Stored items
++++++++++++++++++++

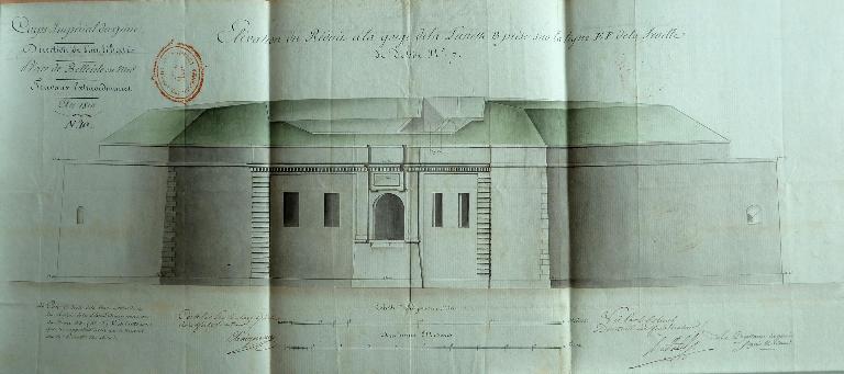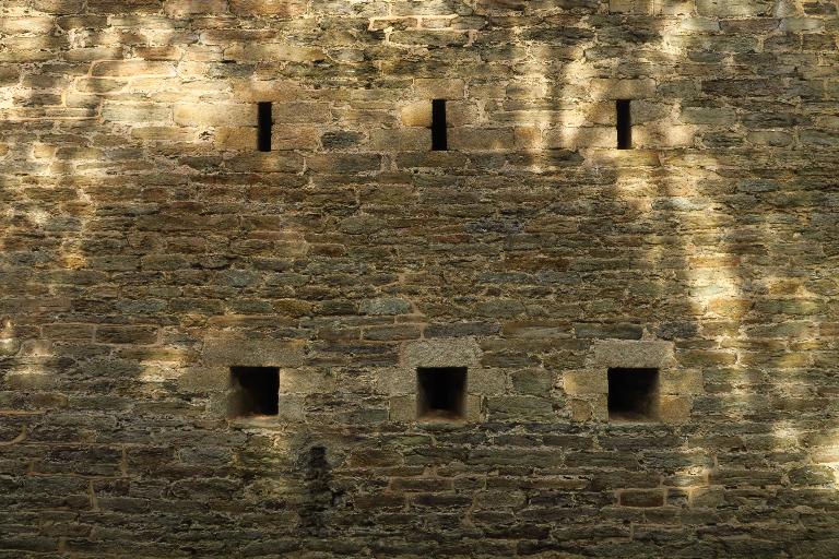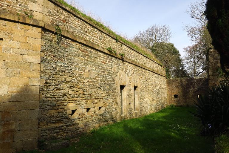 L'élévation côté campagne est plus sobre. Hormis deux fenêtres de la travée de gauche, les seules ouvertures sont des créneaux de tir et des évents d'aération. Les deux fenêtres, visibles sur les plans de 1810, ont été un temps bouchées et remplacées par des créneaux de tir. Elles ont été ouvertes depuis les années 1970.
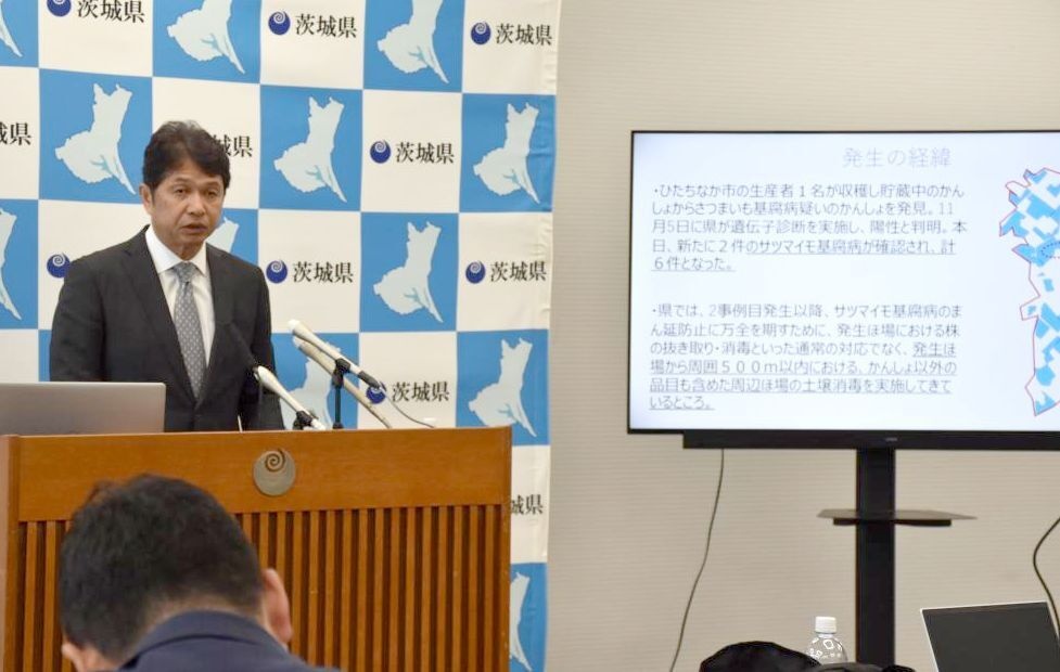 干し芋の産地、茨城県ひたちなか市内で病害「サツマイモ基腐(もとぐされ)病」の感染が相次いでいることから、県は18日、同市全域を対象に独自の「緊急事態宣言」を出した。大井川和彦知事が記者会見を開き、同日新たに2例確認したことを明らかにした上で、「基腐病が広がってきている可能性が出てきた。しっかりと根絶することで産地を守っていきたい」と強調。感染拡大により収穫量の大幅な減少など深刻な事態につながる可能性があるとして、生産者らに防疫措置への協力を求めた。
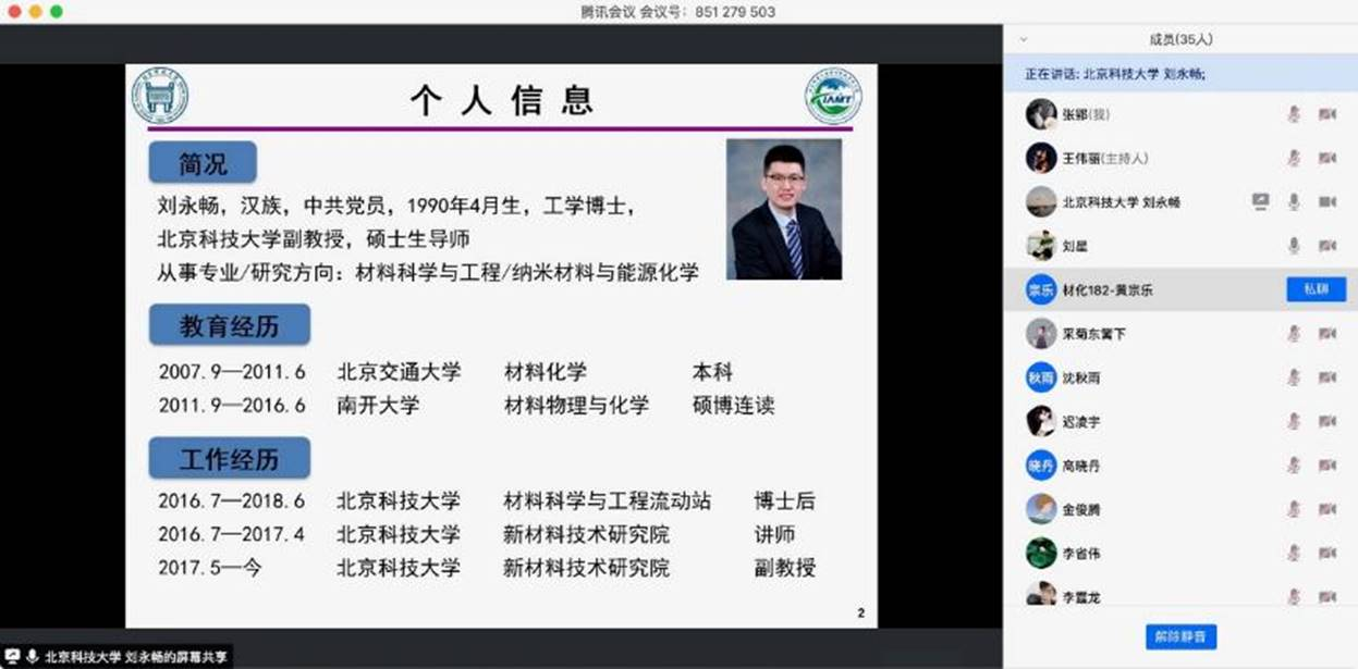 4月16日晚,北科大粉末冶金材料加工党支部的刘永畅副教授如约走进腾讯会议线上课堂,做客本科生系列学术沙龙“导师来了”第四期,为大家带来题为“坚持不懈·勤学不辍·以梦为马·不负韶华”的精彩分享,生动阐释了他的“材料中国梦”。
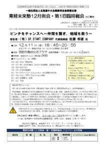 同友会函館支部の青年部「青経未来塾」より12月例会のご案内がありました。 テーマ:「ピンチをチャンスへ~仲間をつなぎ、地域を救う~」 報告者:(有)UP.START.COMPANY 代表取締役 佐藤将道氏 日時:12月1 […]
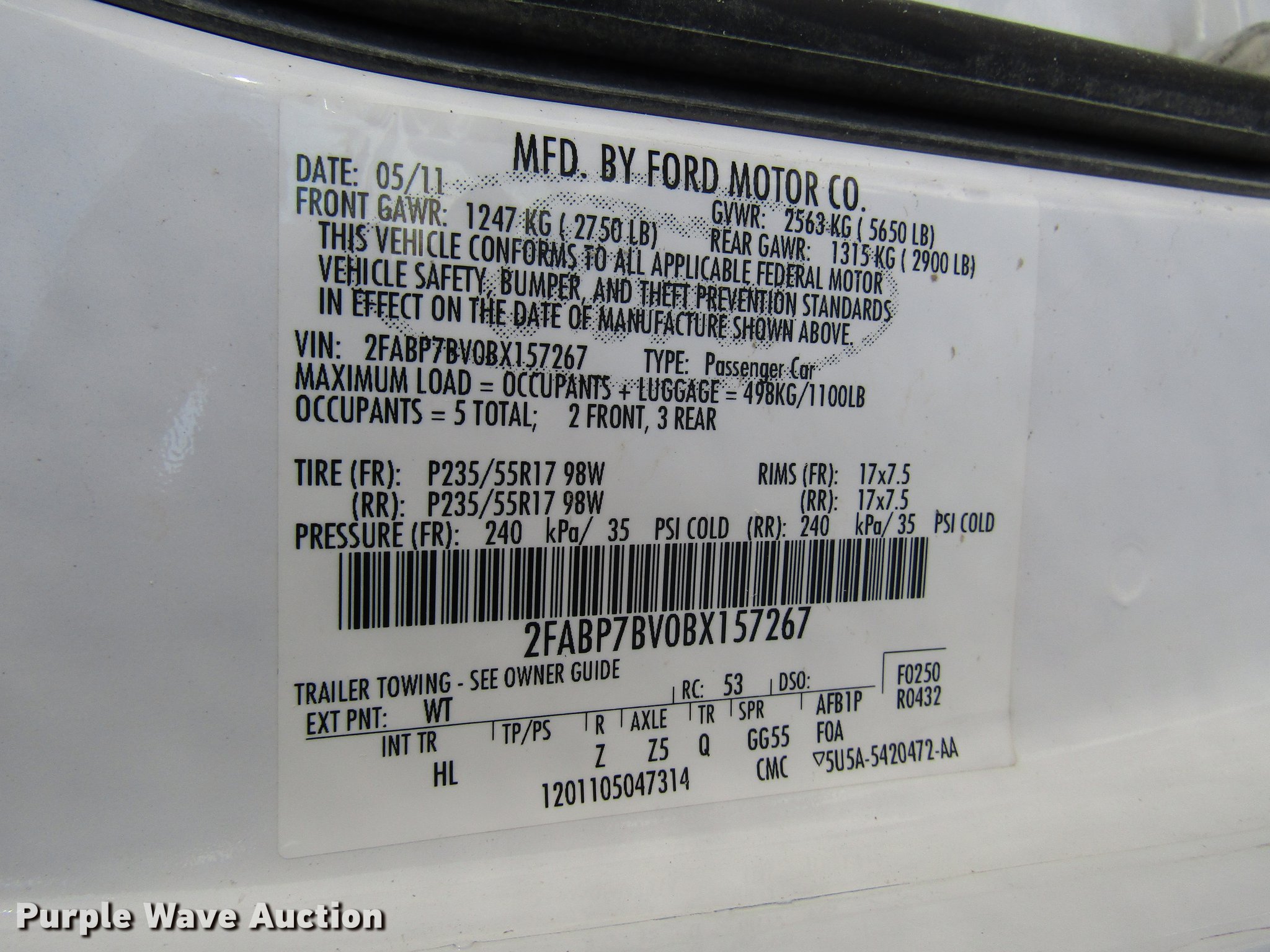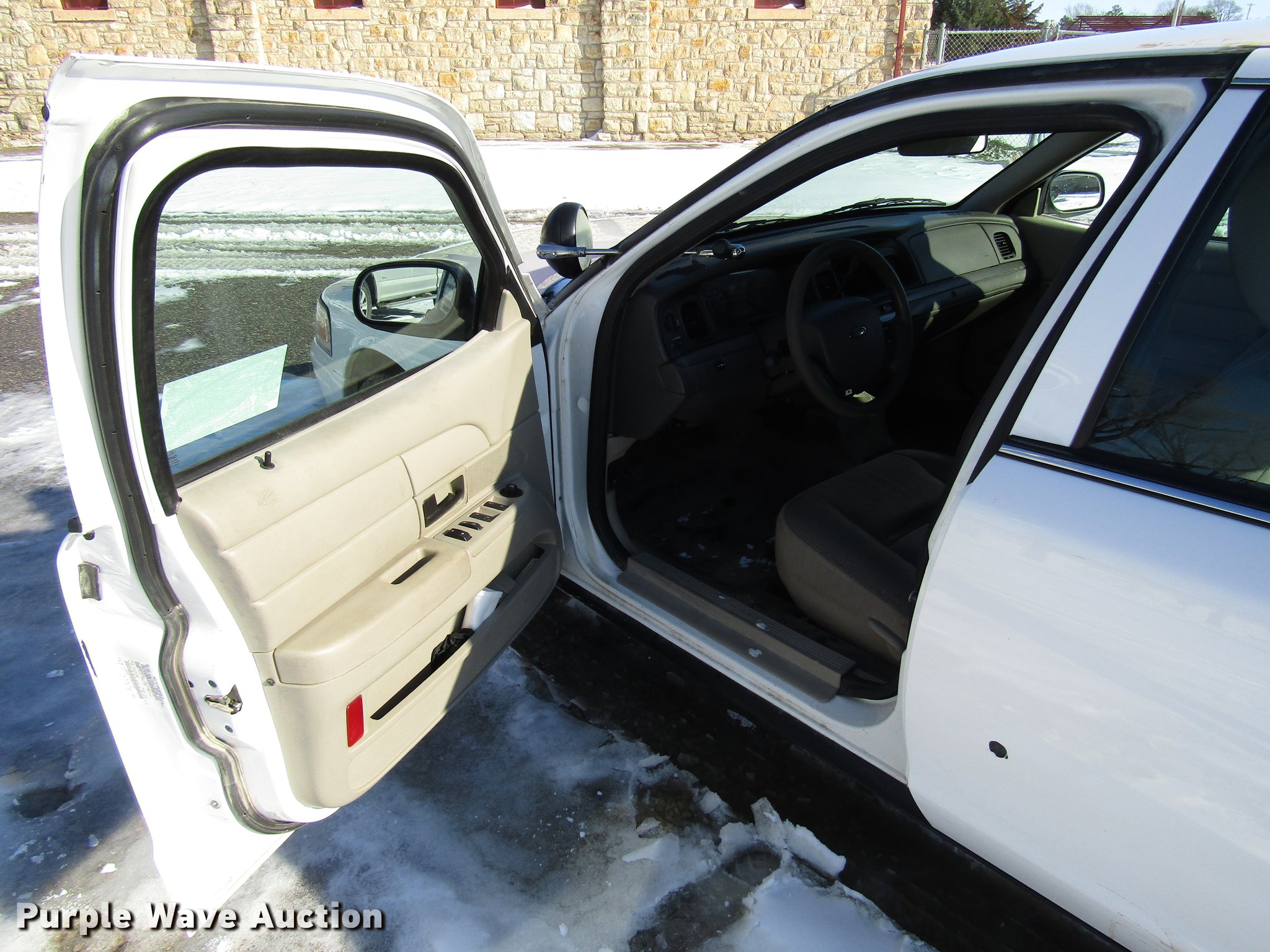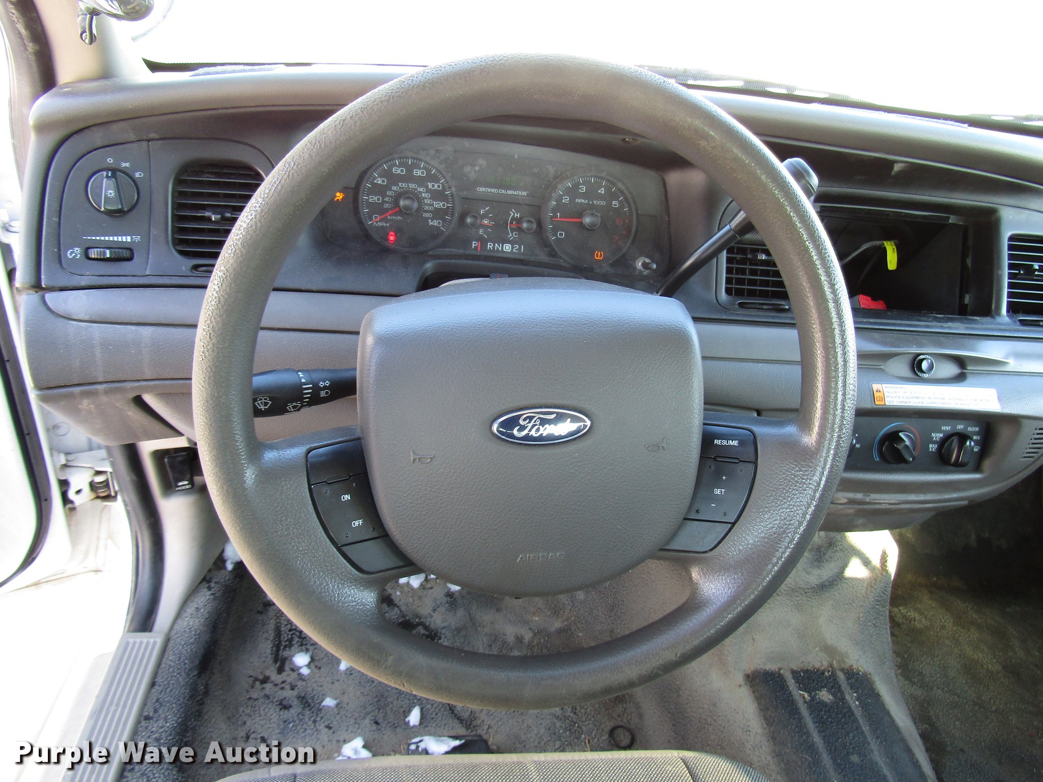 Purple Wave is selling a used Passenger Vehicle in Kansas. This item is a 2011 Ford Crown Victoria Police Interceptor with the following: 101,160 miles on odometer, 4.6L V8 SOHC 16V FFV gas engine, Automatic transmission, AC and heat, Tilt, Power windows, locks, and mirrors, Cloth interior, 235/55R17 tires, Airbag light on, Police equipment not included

++++++++++++++++++++

[Required action]:
Every word of the data should be reproduced exactly; please omit any pictures.

[Answer box]:
 L'élévation côté campagne est plus sobre. Hormis deux fenêtres de la travée de gauche, les seules ouvertures sont des créneaux de tir et des évents d'aération. Les deux fenêtres, visibles sur les plans de 1810, ont été un temps bouchées et remplacées par des créneaux de tir. Elles ont été ouvertes depuis les années 1970.
 干し芋の産地、茨城県ひたちなか市内で病害「サツマイモ基腐(もとぐされ)病」の感染が相次いでいることから、県は18日、同市全域を対象に独自の「緊急事態宣言」を出した。大井川和彦知事が記者会見を開き、同日新たに2例確認したことを明らかにした上で、「基腐病が広がってきている可能性が出てきた。しっかりと根絶することで産地を守っていきたい」と強調。感染拡大により収穫量の大幅な減少など深刻な事態につながる可能性があるとして、生産者らに防疫措置への協力を求めた。
 4月16日晚,北科大粉末冶金材料加工党支部的刘永畅副教授如约走进腾讯会议线上课堂,做客本科生系列学术沙龙“导师来了”第四期,为大家带来题为“坚持不懈·勤学不辍·以梦为马·不负韶华”的精彩分享,生动阐释了他的“材料中国梦”。
 同友会函館支部の青年部「青経未来塾」より12月例会のご案内がありました。 テーマ:「ピンチをチャンスへ~仲間をつなぎ、地域を救う~」 報告者:(有)UP.START.COMPANY 代表取締役 佐藤将道氏 日時:12月1 […]
 Purple Wave is selling a used Passenger Vehicle in Kansas. This item is a 2011 Ford Crown Victoria Police Interceptor with the following: 101,160 miles on odometer, 4.6L V8 SOHC 16V FFV gas engine, Automatic transmission, AC and heat, Tilt, Power windows, locks, and mirrors, Cloth interior, 235/55R17 tires, Airbag light on, Police equipment not included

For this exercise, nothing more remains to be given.